Mathematics Asked by user146215 on December 14, 2020
There is a transitive tournament (T) with $n > 1$ vertices and the score sequence is defined as $s_1, s_2, ldots,s_n$
Prove that T is transitive if and only if the score of the $k^{th}$ vertex ($s_k$) = ‘$k-1$’ for $k =1,2,ldots. n $
i.e $s_k = k-1$ for all $k= 1,2,3,ldots, n$
I have been researching and noticed that this is similar to the Landau’s Theorem (1953), however i am completely lost with the proof. I know that the score is the out degree, and i know that the out degree is the total number of edges going out of the vertex which is of course also (0,1,2,3…n-1).
I know that a tournament must have a unique ranking, and i also know that at transitive tournament must have at least one in degree on 0 .

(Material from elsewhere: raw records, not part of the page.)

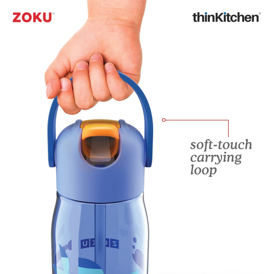 thinKitchen™ Zoku Kids Flip Straw Bottle, Blue, 415 ml
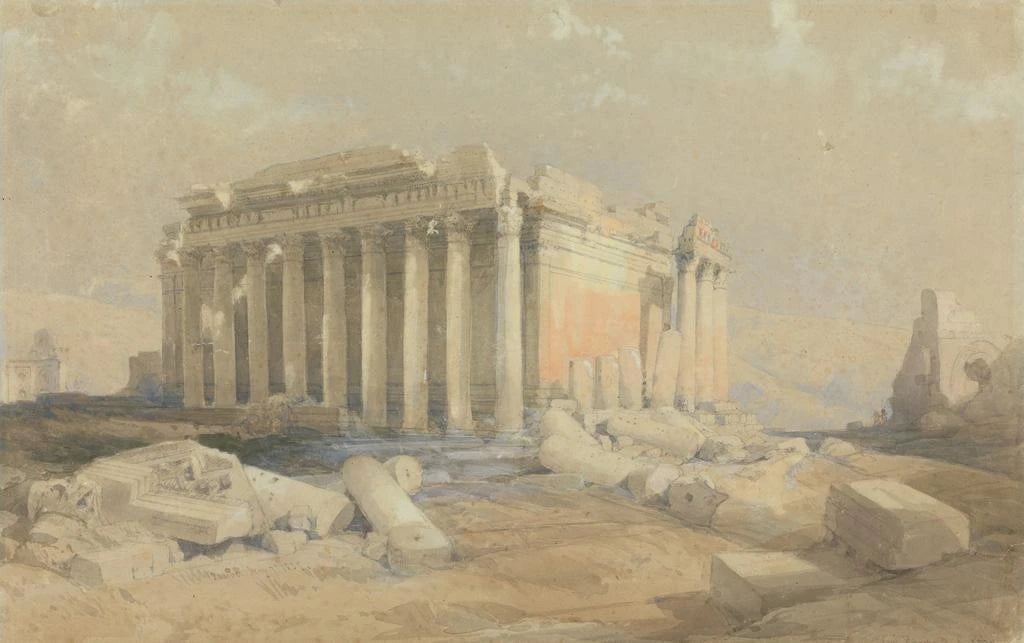 David Roberts, szkocki malarz XIX wieku, jest znany z przedstawień pejzaży i zabytków Bliskiego Wschodu. Niezłomny podróżnik, potrafił uchwycić piękno starożytnych miejsc poprzez swoje dzieła. Pod wpływem romantyzmu, zdołał połączyć precyzję z poezją, oddając hołd architekturze i kulturze, które spotkał. Jego podróże do Egiptu i Libanu głęboko wpłynęły na jego styl, czyniąc go pionierem w gatunku pejzażu orientalnego. Le Temple de Baalbek jest jednym z jego najsłynniejszych dzieł, świadectwem jego talentu i zaangażowania w utrwalenie tych cudów.
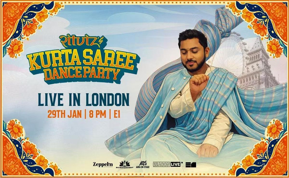 London, it’s time to dress up to get down. Ritviz brings his brand-new club IP, 'Kurta Saree Dance Party,' to the iconic E1 Nightclub for its world premiere.This isn't just a gig; it’s a playful exploration of duality. We’re merging the soul of Hindustani classical music with the grit of the London underground. Think heavy bass, tabla rhythms, and a dance floor draped in tradition.
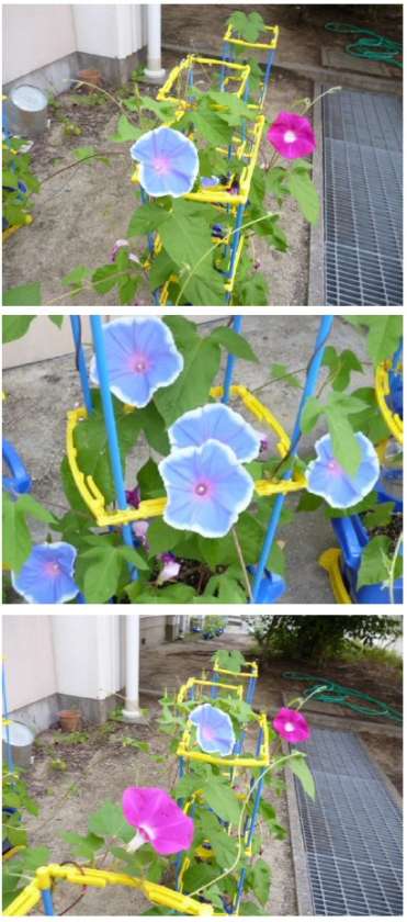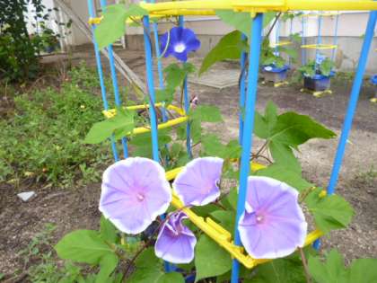 1年生が育てているアサガオが大輪の花を咲かせています。
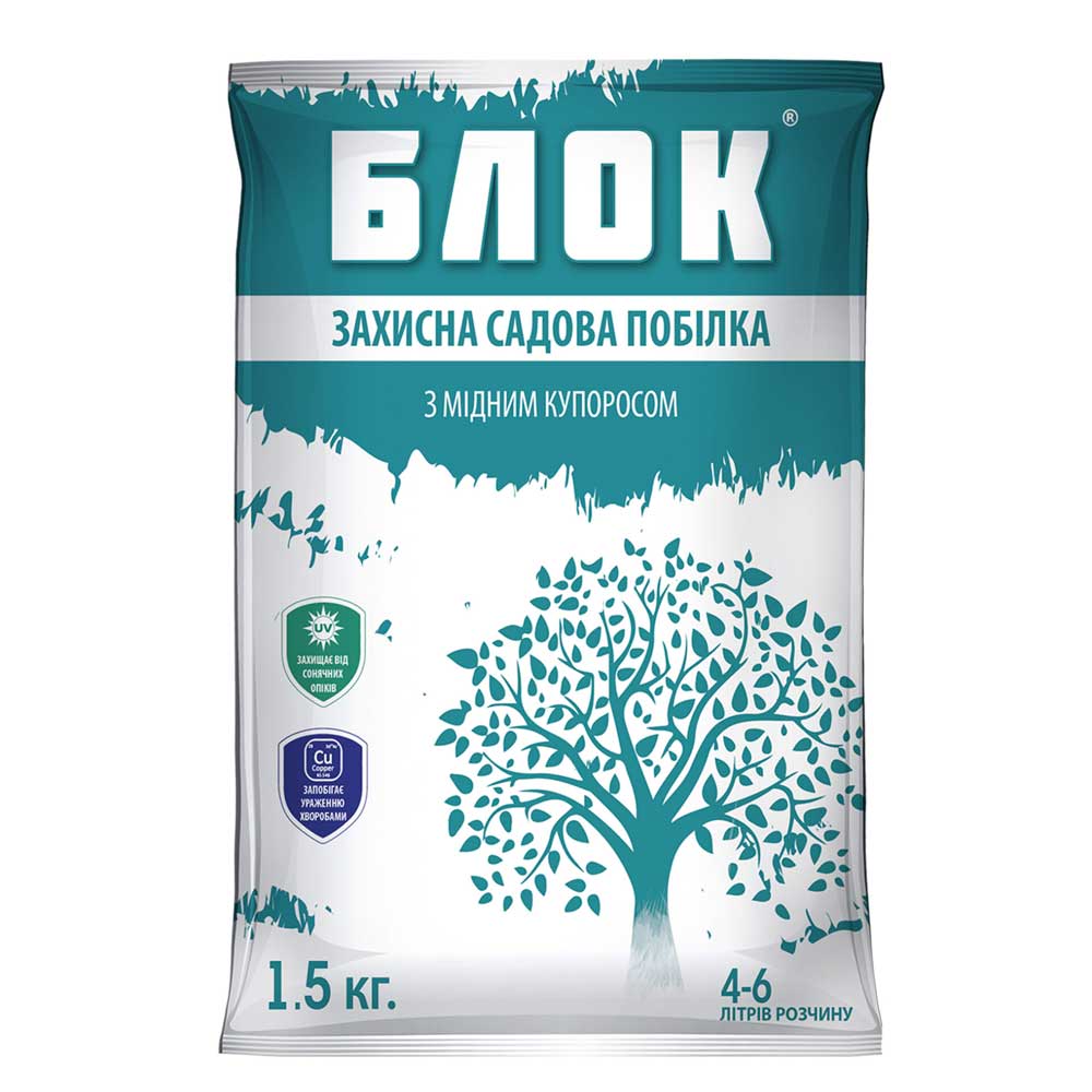 БЛОК побілка захисна садова з мідним купоросом — вміст сульфату міді забезпечує профілактику грибков..

I also know that a transitive tournament must have a score sequence of $(0,1,2,3,…n-1)$, and obviously the in degree is the number of edges minus that.
I have tried going along the lines of proof by contradiction, but i am completely stuck
I would really like to find a proof for this, please help!
We want to show that a transitive tournament with $n$ vertices has the score sequence of $(0,1,2,…,n−1)$. Now suppose that it holds for all the transitive tournaments.
The proof is by induction on the number of vertices of $T$, the result being trivial for transitive tournaments with at most two vertices.
Let T be a transitive tournament with $n+1$ vertices. We know that a tournament is an orientation of a complete graph. In addition, transitivity implies that $T$ is acyclic. So $T$ has a vertex $V$ with out-degree of $n$. If we delete $V$ and it's incident edges, then the graph that remains is a transitive tournament with $n$ vertices and it has a vertex with out-degree of $n-1$. By our induction hypothesis, this graph has the score sequence of $(0,1,2,…,n−1)$. Appending the score of V to it gives the score sequence of $T$ which is $(0,1,2,...,n)$.
Now we want to show that if score sequence $(S_1,S_2,S_3,...,S_n)$ where $S_k=k-1$ for all $k=1,2,3,…,n$ then $T$ is transitive.
Remove leaf vertex $V$ and it's incident edges. Removing $V$ will decrease all of the remaining vertices in-degrees by one so there will be another leaf vertex. Keep removing leaf vertices, we will eventually remove all vertices: The tournament is acyclic therefore transitive.